The AI revolution is producing the same structural conditions as previous disruptive eras, but with features that make the authoritarian temptation particularly acute. Social media, one of my greatest concerns for our society, has destroyed shared reality in a way that has no real precedent. Even with more information available to more people than ever before in history, people no longer inhabit the same information environment, making democratic deliberation extremely difficult. AI threatens white-collar and cognitive work, the classes that historically served as democratic bulwarks are now themselves threatened. Just look at the attacks on “elite liberal universities”. The disruption is global and simultaneous. There’s no unaffected periphery to absorb displaced populations. And the speed of change leaves institutions with almost no time to adapt. The Orbán story fits perfectly into this framework. His rise to power was fueled by the disruption of post-communist transition, globalization’s uneven effects on Hungary, and the 2008 financial crisis. His rhetoric about protecting Hungarian identity from chaos was a classic authoritarian response to genuine disruption and loss. The deeper historical lesson is sobering: we have never successfully navigated a technological disruption of this magnitude without significant authoritarian episodes somewhere in the system. The question isn’t whether disruption creates authoritarian pressure… it clearly does. The question is whether democratic institutions are strong enough after the early stages of intentional autocratic destruction and adaptive enough now to channel that pressure into reform rather than reaction, even if a regime change can be orchestrated in the near term.
What’s different from the disruption of the Agricultural Revolution (10,000-5,000 BCE), the collapse of Greece and Rome (500 BCE – 200 CE), the Printing Press Era (1450-1550), the Scientific Revolution (1550-1700), the First Industrial Revolution (1760-1840), the Second Industrial Revolution (1870-1914), the Mid-20th Century (1940-1970), and the early Digital Revolution (1990-present)? The current AI era is unprecedented in one specific way… the rate of acceleration is itself accelerating. Previous industrial revolutions transformed daily life over 50-80 years. The internet transformed communication within 15 years. Smartphones transformed social life within 10 years. AI is transforming knowledge work within 5 years. The gap between technological capability and human institutional/psychological adaptation has never been wider. We are almost certainly in the most acutely disorienting technological moment in human history, not because the absolute changes are largest (the agricultural revolution was arguably more fundamental) but because the pace is fastest, the global simultaneity is total, and the changes strike at cognition itself rather than just physical labor or social organization. Previous revolutions replaced muscle. This one is replacing mind, which is a categorically different kind of disruption with no real historical precedent to draw on.
China may well be able to force adoption and adaptation to AI easier and faster than we liberal democracies will be able to do the same.
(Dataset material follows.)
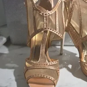 Dazzling gold heels with intricate design. Perfect for evening wear. Elevate your style effortlessly. Only worn once. 4" heel

I don’t worry about Iran or even Russia, because they tend to prefer to avoid anything this disruptive or handle it centrally. Not sure where India is on this scale, but the Chinese are really good at force feeding their 1.4 billion people what they want them to eat and digest. If you are American, you wonder how AI can help you and not hurt you. If you are Chinese, you just do what you are told or else Big Brother will know. Forget about the Manchurian Candidate…and focus on the Authoritarian Imperative.